If it helps, here are the schemas :
| metaward_alias | CREATE TABLE `metaward_alias` (
`id` int(11) NOT NULL AUTO_INCREMENT,
`modified` datetime NOT NULL,
`created` datetime NOT NULL,
`string_id` varchar(255) DEFAULT NULL,
`shortname` varchar(100) NOT NULL,
`remote_image` varchar(500) DEFAULT NULL,
`image` varchar(100) NOT NULL,
`user_id` int(11) DEFAULT NULL,
`type_id` int(11) NOT NULL,
`md5` varchar(32) NOT NULL,
PRIMARY KEY (`id`),
UNIQUE KEY `string_id` (`string_id`),
KEY `metaward_alias_user_id` (`user_id`),
KEY `metaward_alias_type_id` (`type_id`)
) ENGINE=InnoDB AUTO_INCREMENT=858381 DEFAULT CHARSET=utf8 |
| metaward_award | CREATE TABLE `metaward_award` (
`id` int(11) NOT NULL AUTO_INCREMENT,
`modified` datetime NOT NULL,
`created` datetime NOT NULL,
`string_id` varchar(20) NOT NULL,
`owner_id` int(11) NOT NULL,
`name` varchar(100) NOT NULL,
`description` longtext NOT NULL,
`owner_points` int(11) NOT NULL,
`url` varchar(500) NOT NULL,
`remote_image` varchar(500) DEFAULT NULL,
`image` varchar(100) NOT NULL,
`parent_award_id` int(11) DEFAULT NULL,
`slug` varchar(110) NOT NULL,
`true_points` double DEFAULT NULL,
PRIMARY KEY (`id`),
UNIQUE KEY `string_id` (`string_id`),
KEY `metaward_award_owner_id` (`owner_id`),
KEY `metaward_award_parent_award_id` (`parent_award_id`),
KEY `metaward_award_slug` (`slug`),
KEY `metaward_award_name` (`name`)
) ENGINE=InnoDB AUTO_INCREMENT=122176 DEFAULT CHARSET=utf8 |
| metaward_achiever | CREATE TABLE `metaward_achiever` (
`id` int(11) NOT NULL AUTO_INCREMENT,
`modified` datetime NOT NULL,
`created` datetime NOT NULL,
`award_id` int(11) NOT NULL,
`alias_id` int(11) NOT NULL,
`count` int(11) NOT NULL,
PRIMARY KEY (`id`),
KEY `metaward_achiever_award_id` (`award_id`),
KEY `metaward_achiever_alias_id` (`alias_id`)
) ENGINE=InnoDB AUTO_INCREMENT=77175366 DEFAULT CHARSET=utf8 |
And these in my my.cnf
innodb_file_per_table
innodb_buffer_pool_size = 2048M
innodb_additional_mem_pool_size = 16M
innodb_flush_method=O_DIRECT

As written in Should you move from MyISAM to Innodb ? (which is pretty recent):
Innodb Needs Tuning As a final note about MyISAM to Innodb migration I should mention about Innodb tuning.
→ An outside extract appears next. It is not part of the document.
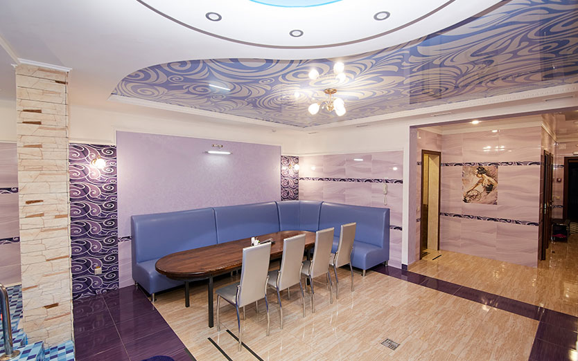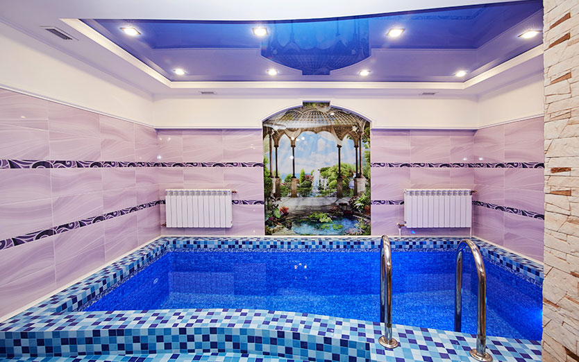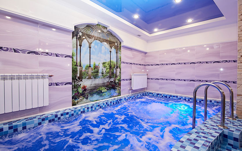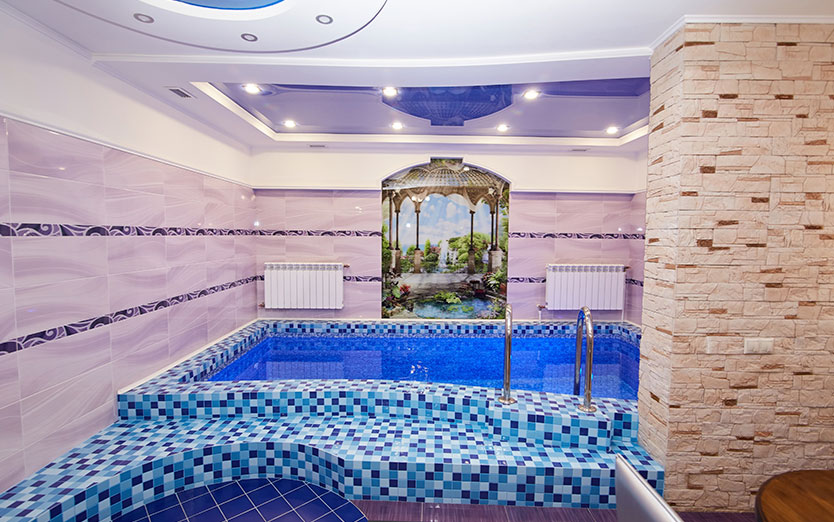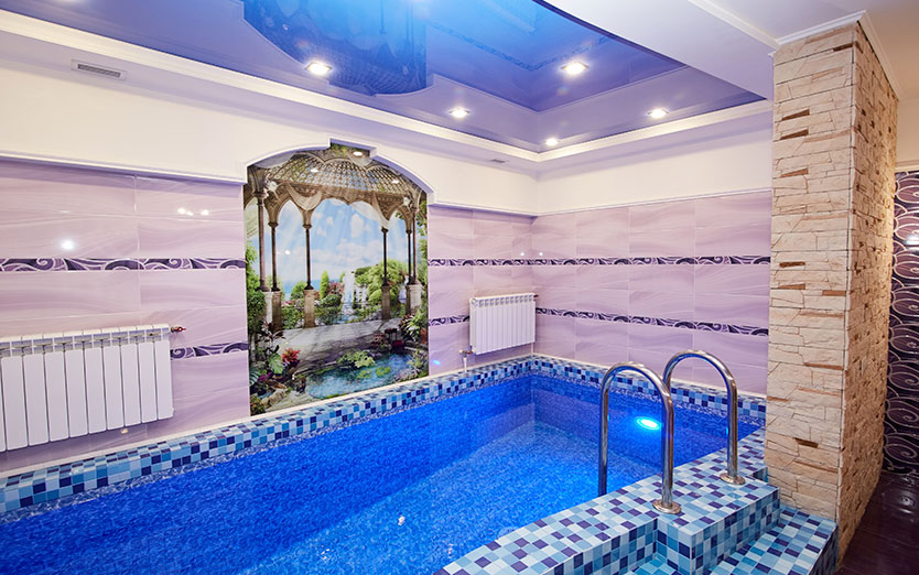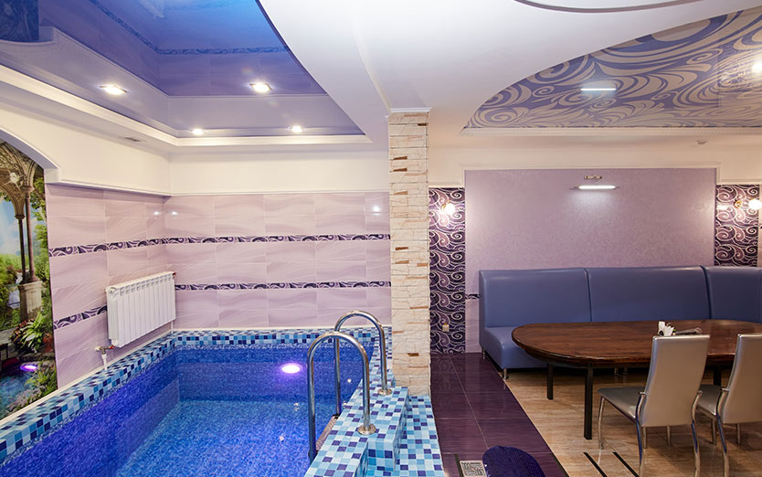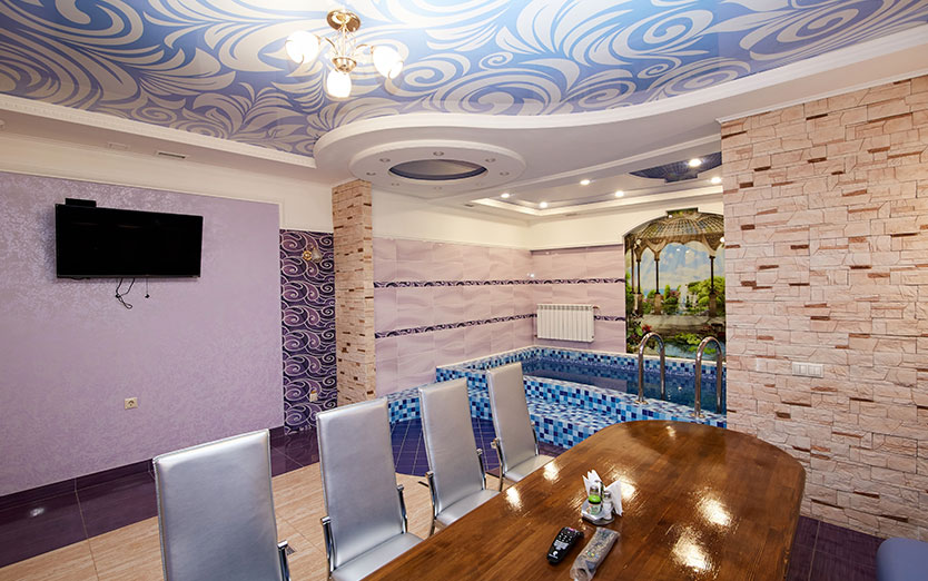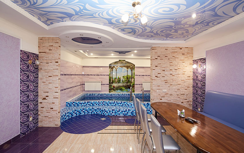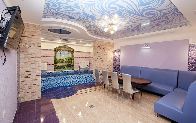 Банкетный зал, парная, душ, комната отдыха, бассейн, гидро массаж, подцветка бассейна, сан узел, TV, WiFI, муз центр, фен, эл чайник, шапки для парной, микровол. печь, посуда, ваза.

Innodb needs tuning. Really. MyISAM for many applications can work well with defaults. I’ve seen hundreds of GB databases ran with MyISAM with default settings and it worked reasonably. Innodb needs resources and it will not work well with defaults a lot. Tuning MyISAM from defaults rarely gives more than 2-3 times gain while it can be as much as 10-50 times for Innodb tables in particular for write intensive workloads. Check here for details.
So, about MySQL Innodb Settings, the author wrote in Innodb Performance Optimization Basics:
The most important ones are:
innodb_buffer_pool_size 70-80% of
memory is a safe bet. I set it to 12G
on 16GB box.
UPDATE: If you’re looking for more
details, check out detailed guide on
tuning innodb buffer pool
innodb_log_file_size – This depends on
your recovery speed needs but 256M
seems to be a good balance between
reasonable recovery time and good
performance
innodb_log_buffer_size=4M 4M is good
for most cases unless you’re piping
large blobs to Innodb in this case
increase it a bit.
innodb_flush_log_at_trx_commit=2 If you’re not concern about ACID and can loose transactions for last second or two in case of full OS crash than set this value. It can dramatic effect especially on a lot of short write transactions.
innodb_thread_concurrency=8 Even with current Innodb Scalability Fixes having limited concurrency helps. The actual number may be higher or lower depending on your application and default which is 8 is decent start
innodb_flush_method=O_DIRECT Avoid double buffering and reduce swap pressure, in most cases this setting improves performance. Though be careful if you do not have battery backed up RAID cache as when write IO may suffer.
innodb_file_per_table – If you do not have too many tables use this option, so you will not have uncontrolled innodb main tablespace growth which you can’t reclaim. This option was added in MySQL 4.1 and now stable enough to use.
Also check if your application can run in READ-COMMITED isolation mode – if it does – set it to be default as transaction-isolation=READ-COMMITTED. This option has some performance benefits, especially in locking in 5.0 and even more to come with MySQL 5.1 and row level replication.
Just for the record, the people behind mysqlperformanceblog.com ran a benchmark comparing Falcon, MyISAM and InnoDB. The benchmark was really supposed to be highlighting Falcon, except it was InnoDB that won the day, topping both Falcon and MyISAM in queries per second for almost every test: InnoDB vs MyISAM vs Falcon benchmarks – part 1.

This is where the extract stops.